Reptiles evolved from water-dwelling ancestors and climbed onto land during the Paleozoic era, which eventually gave way to the Mesozoic era, where reptiles reigned supreme as snakes, lizards, turtles, crocodiles and birds. The dry skin of these reptiles is covered with keratin, which is water-resistant. This helps to keep hydration up and makes it more difficult for bacteria to damage the skin.

Many reptiles have adapted to the environments in which they live, including deserts. They can avoid extremes in aridity or heat by hiding under logs, rocks and leaves and are often active only during certain times of the day. In order to regulate their body temperature, they hide in cool shaded areas during the heat of the day and then shuttle between a sunny area and a cool spot to absorb as much heat as possible.

In addition, the kidneys of reptiles are specialized in that they conserve water by producing less urine. This helps to prevent dehydration, which could occur if the reptile was forced to drink too much liquid.
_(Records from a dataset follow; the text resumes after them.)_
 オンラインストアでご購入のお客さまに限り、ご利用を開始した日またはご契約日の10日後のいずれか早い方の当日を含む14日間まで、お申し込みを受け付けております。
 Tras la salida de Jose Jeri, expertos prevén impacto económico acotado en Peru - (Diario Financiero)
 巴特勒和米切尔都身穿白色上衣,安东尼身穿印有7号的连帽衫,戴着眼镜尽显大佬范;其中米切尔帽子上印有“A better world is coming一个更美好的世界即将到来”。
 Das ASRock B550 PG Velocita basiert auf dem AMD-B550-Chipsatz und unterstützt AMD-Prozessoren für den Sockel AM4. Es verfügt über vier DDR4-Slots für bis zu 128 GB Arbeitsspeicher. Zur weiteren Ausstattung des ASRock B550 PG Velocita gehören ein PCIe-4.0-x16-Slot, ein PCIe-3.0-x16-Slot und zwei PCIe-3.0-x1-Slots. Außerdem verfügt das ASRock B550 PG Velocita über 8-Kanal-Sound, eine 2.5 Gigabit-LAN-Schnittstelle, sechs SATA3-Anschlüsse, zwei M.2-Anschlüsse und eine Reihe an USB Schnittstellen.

Tail displays are a common reptile behavior seen in pipe snakes (Anilliidae), shield tailed snakes (Uropeltidae) and coral snakes (Elapidae). This likely developed to divert a predator’s attention from the head to the more disposable tail, thus making them more vulnerable. A tuatara, the only living reptile from an extinct order, has a tail that can regrow, which may be due to an evolutionary adaptation that enabled it to survive a traumatic injury or disease.

They Have Kidneys

Reptiles are ectothermic animals that use their environment to regulate body temperature. They warm themselves by basking in sunlit areas, and they cool down by seeking shady spots or going underground. Because reptiles can’t self-regulate their internal temperatures as mammals and birds can, they are especially sensitive to fluctuating weather conditions.
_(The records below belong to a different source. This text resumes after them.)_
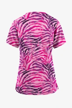 Easy STRETCH By Butter-Soft™ Exotic Zebra Flirt Women’s 4-Pocket Zip Curved Neck Printed Scrub Top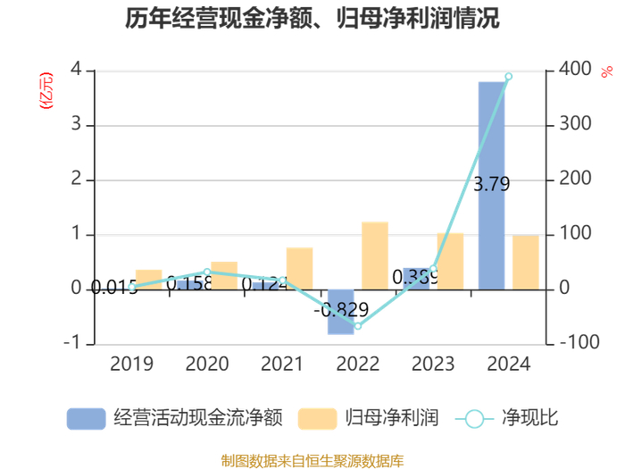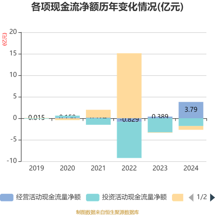 截至2024年,公司经营活动现金流净额为3.79亿元,同比增长874.77%;筹资活动现金流净额-8745.39万元,同比减少7709.2万元;投资活动现金流净额-1.8亿元,上年同期为-3.27亿元。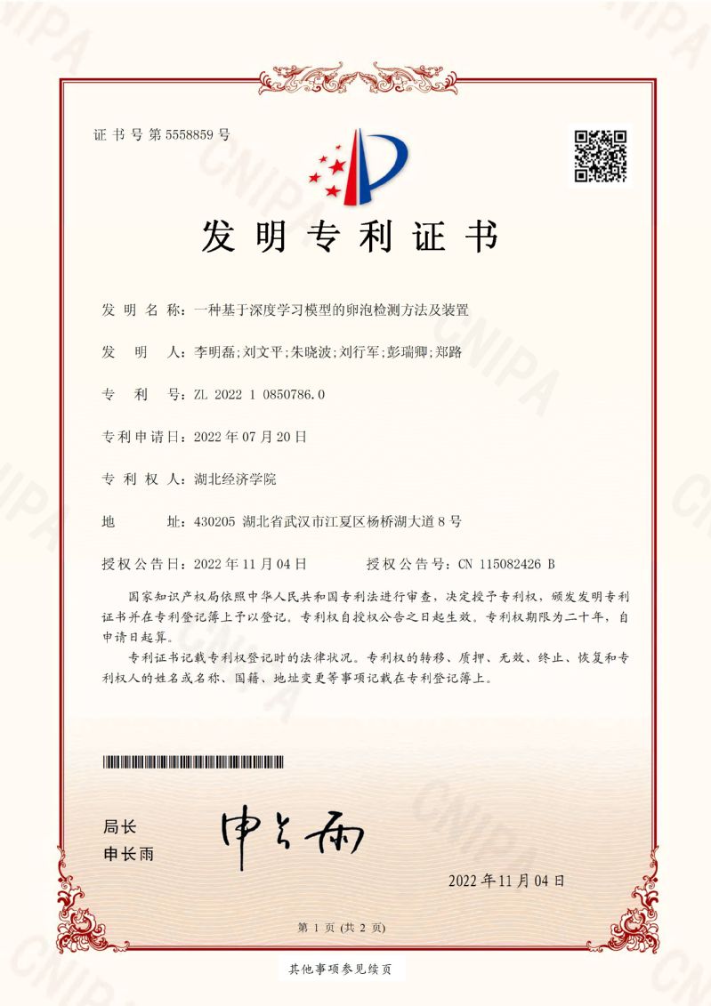 近日,由公司教师申请的国家发明专利获国家知识产权局授权,该发明专利题目为“一种基于深度学习模型的卵泡检测方法及装置”。该发明公开了一种基于深度学习模型的卵泡检测方法及装置,属于医学图像数据处理领域。本发明通过将待检查对象的卵巢三维超声图像、电子病历文本和检验报告输入至训练好的深度学习模型,所述深度学习模型分别提取向量化后电子病历文本的文本特征、预处理后三维超声图像的图像特征、二值化后检验报告的特征,并对提取到的三类特征进行融合,得到多源异构数据特征图,最终能够自动识别出三维超声图像中所有卵泡的位置和大小信息。该发明不仅使用三维超声图像,还充分利用检查对象的电子病历和检验结果等信息,对三维超声图像中的卵泡进行目标检测,能够提高对卵泡检测的准确率。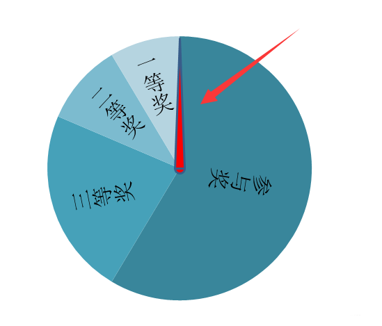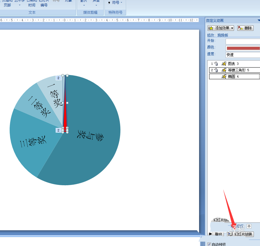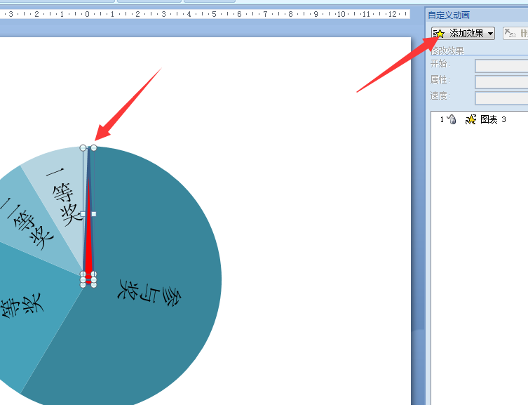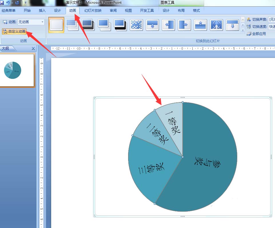 6、例如下面的图片中,饼图里分别输入了一等奖、二等奖、三等奖和参与奖。文本的位置要自己拖动设置,并旋转文本以适应饼图。文本设置好后,选中饼图,再选择动画,点击自定义动画。

Kidneys are an important part of the reptile osmoregulation system. Reptile kidneys excrete waste products, maintain normal concentrations of salt and water, regulate acid-base balance, produce hormones and vitamins, and conserve water. The kidneys of most reptiles consist of glomeruli designed to filter the blood, Bowman capsules that collect the filtrate and tubules that resorb most of the filtered fluid and excrete excess sodium and water. A loop of Henle is absent from the kidneys of most reptiles.

Marine reptiles have adapted their kidneys to conserve salt and excrete wastes that would otherwise be deposited in the lungs during extended dives. They also have adapted their lungs with a greater capacity for oxygen storage, allowing them to dive longer and deeper than terrestrial reptiles.

The kidneys of snakes are bean-shaped organs that sit on the back side of the abdomen. They are connected to a renal pelvis, which is a cup-like structure that collects urine produced by the kidneys and carries it to the bladder. The kidneys of all reptiles produce hypoosmotic urine, which consists of nitrogenous waste in the form of uric acid suspended in spheres complexed with proteins and either sodium (carnivorous diet) or potassium (herbivorous diet). The renal pelvis also contains a secretory tubule that produces urea.